Однажды подруга рассказала нам, что ее родители, известные актеры, покончили с собой; они не вынесли издевательств. Вскоре стало известно, что наложил на себя руки брат еще одной девочки. Его вместе с сокурсниками по Пекинскому авиаучилищу обвинили в попытке создать антимаоистскую партию. Когда за ним пришла полиция, он выбросился из окна четвертого этажа. Некоторых его со — ратников — «заговорщиков» казнили; других приговорили к пожизненному заключению, обычному наказанию за попытки организовать оппозицию. Эти трагедии были частью нашей повседневной жизни.
Семьи Пампушки, Цинцин и некоторых других не пострадали. И они не перестали со мной дружить. Их не трогали преследователи моих родителей — их власть не распространялась так далеко.
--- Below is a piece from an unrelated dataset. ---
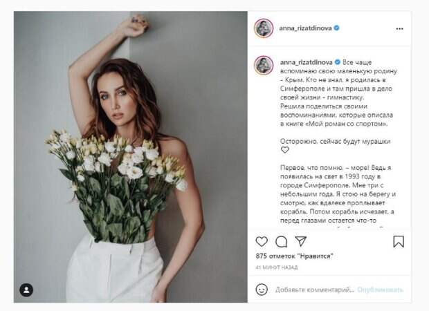 Но не много украинцев знает, что девушка родилась в Крыму, о чем и решила Анна вспомнить в последней публикации: "Все чаще вспоминаю свою маленькую родину - Крым. Кто не знал, я родилась в Симферополе и там пришла в дело своей жизни - гимнастику. Решила поделиться своими воспоминаниями, которые описала в книге «Мой роман со спортом». Осторожно, сейчас будут мурашки Первое, что помню, – море! Ведь я появилась на свет в 1993 году в городе Симферополе. Мне три с небольшим года. Я стою на берегу и смотрю, как вдалеке проплывает корабль", - написала красотка. На фото Анна была топлес, надев только штаны, а свои пикантные места прикрыла цветами. Девушка смотрела в камеру, поражая чувственным взглядом. Фанаты сразу начали писать комментарии под фото: "Плачу", "Очень трогательно, прямо в сердце", "В 1993 я в школе учился уже". Напомним, фаворитка Ямы из "Танців з зірками" рассказала о своем разочаровании А еще Politeka писала, что фаворитка Ямы из "Танців з зірками" Ризатдинова в купальнике дала пример для подражания Также Politeka сообщала, что фаворитка Ямы из "Танців з зірками" срочно покинула Украину, и дело не в отдыхе
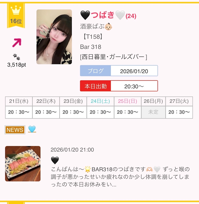 🤍 - 🖤つばき🤍 - Bar 318・サンイチハチ - 西日暮里のガールズバー

Тем не менее они рисковали, плывя против течения. Мои друзья, как и миллионы китайцев, следовали вековому принципу верности: «давать уголь, когда идет снег». Одно их присутствие помогло мне выжить в самые тяжелые годы «культурной революции».
Помогали они и практически. К концу 1967 года территорию нашего блока, контролируемого «Двадцать шестым августа», стал атаковать «Красный Чэнду». Наш дом превратили в крепость. Нам приказали переехать из квартиры на четвертом этаже в комнаты на первом этаже соседнего здания.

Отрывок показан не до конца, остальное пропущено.